Susan Granger’s review of “Son of the Mask” (New Line Cinema)

It’s more than 10 years since Jim Carrey donned the personality-altering “Mask” and let me make one thing clear: Jamie Kennedy is no Jim Carrey. It appears that the magical mask, an artifact belonging to Loki (Alan Cumming), the Norse god of mischief, is missing.
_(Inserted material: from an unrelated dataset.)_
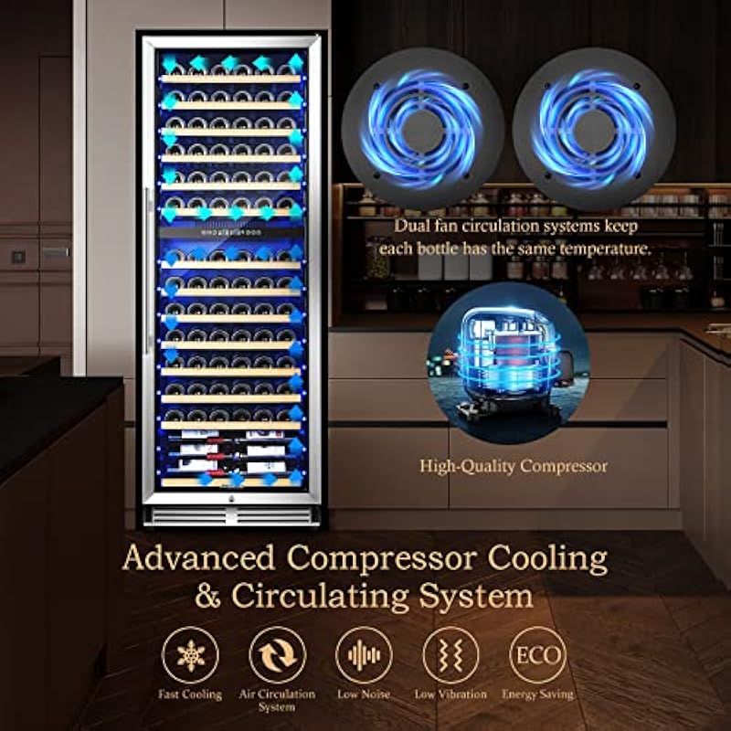 - 【40-65°F Dual Zone Control】Featuring a unique dual – zone design, the upper zone of this cooler ranges from 40°F to 55°F, ideal for storing white wines, champagnes, and other delicate varieties. The lower zone, with a temperature range of 55°F to 65°F, is perfect for red wines, allowing them to age and develop their complex flavors. With two distinct temperature zones, you can satisfy the preferences of both white and red wine enthusiasts simultaneously.
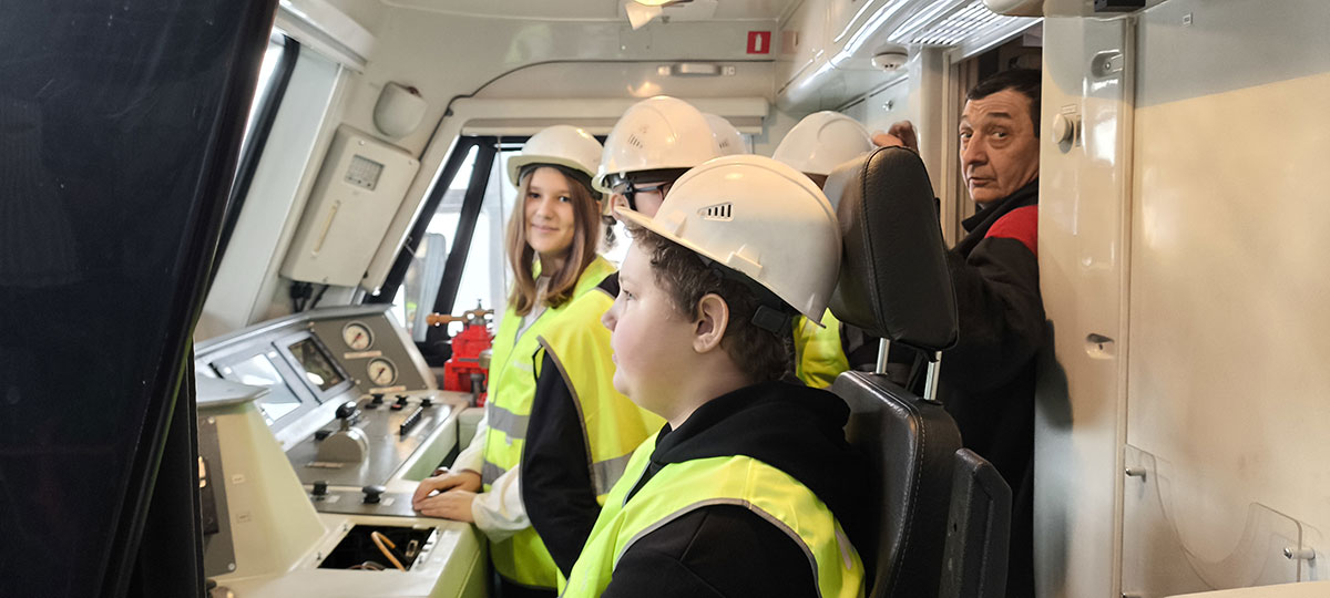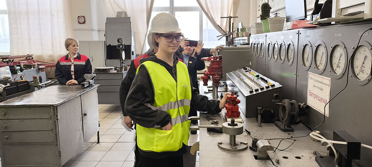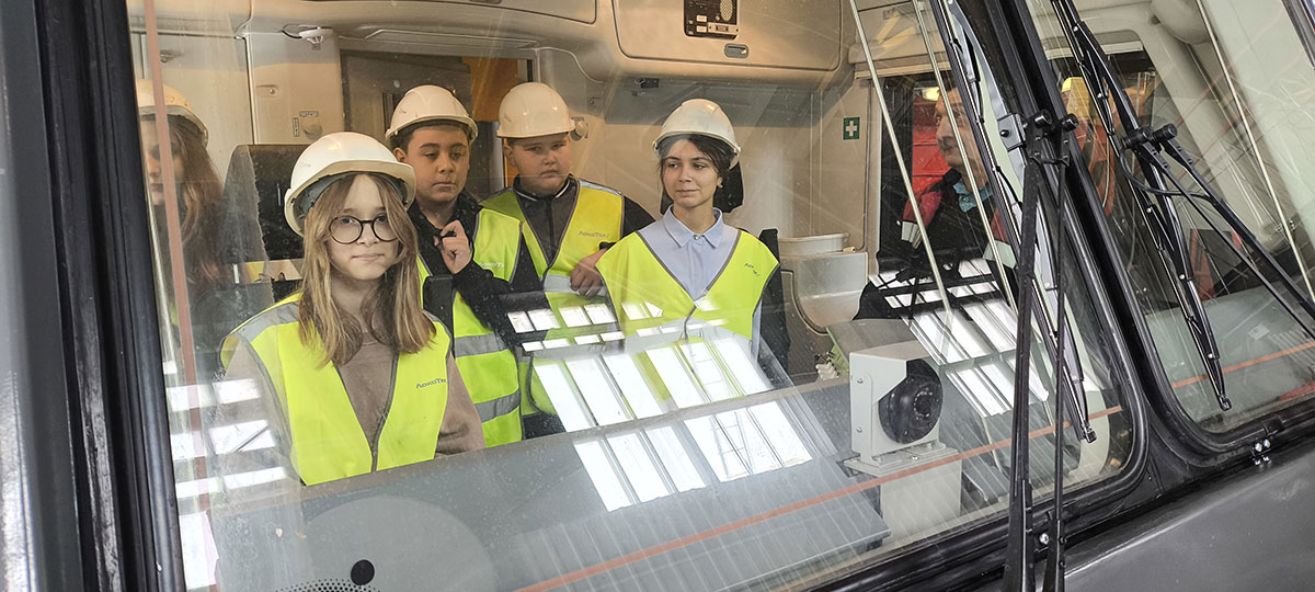 2025 год в компании «ЛокоТех» посвящен человеку труда, и главными героями мероприятия стали представители рабочих профессий. Учащиеся побывали на участке по ремонту автотормозного и пневматического оборудования, где мастер Виктор Шиян рассказал о деятельности подразделения и на опытном образце показал работу крана машиниста. Ребята потренировались ставить кран в положение, заданное мастером участка. Работу настоящего мостового крана, перемещающего колесные пары, ребята увидели на участке текущего ремонта локомотивов ТР-3.

It’s found by Tim Avery (Jamie Kennedy), an aspiring cartoonist, and his dog Otis. (The name Avery is an homage to Tex Avery, the renown animator whose artistry inspired the first “Mask.” And since the original terrier was named Milo, using Otis this time references “Milo and Otis.”) And Tim is wearing that mask when he and his wife (Traylor Howard of TV’s “Monk”) conceive a child who inherits Loki’s shape-shifting proclivities. Indeed, when little Alvey (Ryan & Liam Falconer) watches the famous Warner Bros. cartoon, “One Froggy Evening,” real trouble begins. Meanwhile, Loki’s father, the powerful Odin (Bob Hoskins), demands that he retrieve the mask – under dire threats of retribution of he doesn’t. Director Lawrence Guterman (“Cats and Dogs”) seems far more interested in the digital technology than the fact that the first-time writer Lance Khazei’s contrived script makes little or no sense. It also never occurs to anyone that these characters and their marauding mayhem are appallingly unappealing. This movie revolves around live-action animation of which the original had very little. On the Granger Movie Gauge of 1 to 10, “The Son of the Mask” is a misguided, manic 1. Allegedly “family-friendly,” it’s definitely a contender for my 10 Worst Movies of 2005 list. And what’s really creepy is that, when Jamie Kennedy dons “The Mask,” he morphs into Gary Busey look-alike that’s melded with Nick Nolte.